Route requests through proxies to avoid IP bans on large crawls. Proxies are tunneled at the TCP level - traffic goes through the proxy before the TLS handshake, making it look like the request originated from the proxy's IP.

.env
PROXY_1=http://user:[email protected]:8080
PROXY_2=http://proxy2.example.com:8080
crawl.json
"anti_bot": {
  "rotate_user_agents": true,
  "request_delay_jitter": true,
  "proxy": {
    "enabled": true,
    "key_rotation": "random",
    "urls": ["$PROXY_1", "$PROXY_2"]
  }
}

For testing, Webshare offers 10 free proxies. Set authentication to IP-based (no username/password needed) and format URLs as http://host:port.


Configuration

Layer 3 - Headless Browser

Layer 3 is used automatically when Layers 1, 2, and 2.5 all fail to return meaningful content. It runs a real browser to fully render the page.

Option A: Local Chrome (automatic)

If Chrome or Chromium is installed on your machine, PhantomCrawl detects it automatically and uses go-rod to control it. No configuration needed.

terminal - check if Chrome is detected
phantomcrawl start
# You will see:
✓ Chrome detected. Using go-rod for Layer 3.

Option B: Browserless (cloud Chrome)

If Chrome is not installed (common on servers and mobile), you can use Browserless - a cloud Chrome service. Free tier available.

.env
BROWSERLESS_KEY=your_key_here
crawl.json
"layer3": {
  "key_rotation": "random",
  "keys": ["$BROWSERLESS_KEY"]
}

If neither Chrome nor Browserless keys are configured, Layer 3 is unavailable. PhantomCrawl will still work via Layers 1 and 2, which cover the vast majority of the web.


Configuration

Environment Variables

Never put API keys directly in crawl.json. Use a .env file instead and reference variables with $VAR_NAME in your config.

.env
# AI keys
GROQ_KEY_1=gsk_abc123...
GROQ_KEY_2=gsk_def456...

# Browser
BROWSERLESS_KEY=your_browserless_key

# Proxies
PROXY_1=http://host:port
PROXY_2=http://user:pass@host:port

Add .env and crawl.json to your .gitignore so you never accidentally commit API keys.

.gitignore
.env
crawl.json
urls.txt
scraped/

Reference

Commands

phantomcrawl init Generate a crawl.json template in the current directory. Run this first in a new project folder.
phantomcrawl start Start crawling based on your crawl.json and urls.txt.

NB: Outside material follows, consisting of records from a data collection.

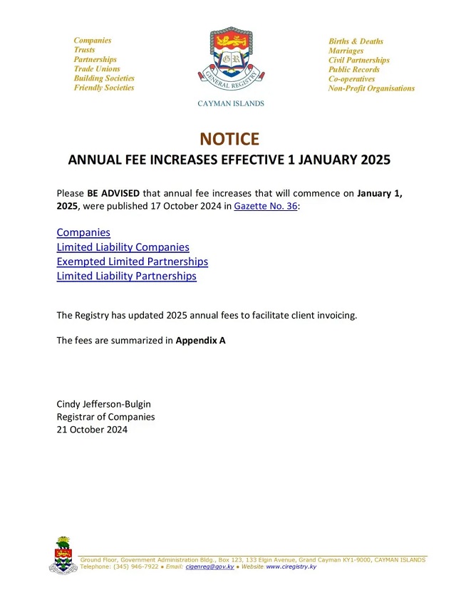 根據(jù)開曼群島金融服務(wù)部于2024年10月21日正式發(fā)布的公告,隨著《公司法》(2024年附表5 修正案),《有限責(zé)任公司(費用)》(2024年修正案),《豁免有限合伙企業(yè)(第2號)實施細(xì)則》(2024年修正案),《有限責(zé)任合伙企業(yè)(費用)實施細(xì)則》(2024年修正案) 等一系列修正案在政府憲報刊登,公司、有限責(zé)任公司、豁免有限合伙企業(yè)和有限責(zé)任合伙企業(yè)的年費變更將于2025年1月1日正式生效。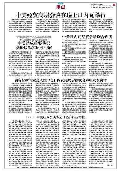 中美双方一致同意建立经贸磋商机制,就双方在经贸领域的各自关切保持沟通。
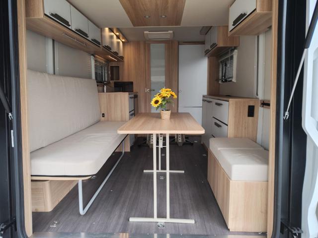 Knaus descrive il Deseo 400 TR prima di tutto come uno spazio abitativo accogliente, dotato di tutti i comfort che ci si aspetta da tutti i camper arredati: una cucina completa, un bagno, una dinette/letto convertibile e quattro posti letto quando si aggiunge il letto rialzato sollevabile. Una delle caratteristiche migliori del Knaus Deseo è la sua rapida conversione in modalità stiva. Ora puoi portare la tua moto e fare bella figura davanti a tutti. L'intero pannello posteriore si solleva per creare un'unica grande porta, così puoi aprirla sulla spiaggia e ammirare un panorama già pronto, per gentile concessione della natura.

Automatically resumes if a previous crawl was interrupted.
phantomcrawl reset Wipe the crawl state database so the next start treats all URLs as fresh. Does not delete your scraped data files.
phantomcrawl stats Show a detailed breakdown of all crawled URLs with timestamps, layer used, clean status, and any failures. Useful for checking what is pending after a quota hit.

Resume behavior

PhantomCrawl tracks every crawled URL in a local SQLite database at ~/.phantomcrawl/state.db. If a crawl is interrupted - whether by a network error, token quota, or manual stop - you can resume exactly where you left off by running phantomcrawl start again without resetting. Already-crawled URLs are skipped. Pending AI cleans are retried.


Reference

Output Format

Each crawled URL creates a folder under your output directory. The folder name is derived from the page title or URL slug.

~/phantomcrawl/scraped/
  cloudflare.com/
    cloudflare/
      raw.json      # Full extracted data + raw HTML
      cleaned.json  # AI-cleaned text + structured data
    en-gb/
      raw.json
      cleaned.json

raw.json

Contains everything extracted from the page before AI processing.

{
  "url": "https://cloudflare.com",
  "title": "Cloudflare - The Web Performance & Security Company",
  "content": "Extracted text content...",
  "links": ["https://cloudflare.com/products", "..."],
  "images": ["https://cloudflare.com/img/logo.svg"],
  "documents": [],
  "emails": [],
  "metadata": { "description": "...", "og:image": "..." },
  "layer_used": "layer1",
  "crawled_at": "2026-03-14T...",
  "raw": "<!DOCTYPE html>..."
}

cleaned.json

AI-processed version with clean text and all structured data included.

{
  "url": "https://cloudflare.com",
  "title": "Cloudflare - The Web Performance & Security Company",
  "cleaned": "Cloudflare is a global network...\nProducts: CDN, DDoS protection...",
  "links": ["https://cloudflare.com/products", "..."],
  "images": ["https://cloudflare.com/img/logo.svg"],
  "metadata": { "description": "..." },
  "crawled_at": "2026-03-14T..."
}

Converting to other formats

Output is JSON. Convert to any format using standard tools:

python
import json, csv

with open('scraped/cloudflare.com/cloudflare/cleaned.json') as f:
    data = json.load(f)

print(data['cleaned'])   # AI-cleaned text
print(data['links'])     # All extracted links
print(data['metadata'])  # Page metadata


Phantom Suite

PhantomClean

Companion Tool · v1.0.0 · BSL License

The cleaning half of the pipeline

PhantomClean takes the raw scraped JSON from PhantomCrawl and runs it through a 4-layer cleaning pipeline — regex stripping, boilerplate detection, quality scoring, and a multi-provider AI cascade — producing clean, structured datasets ready for AI training or export.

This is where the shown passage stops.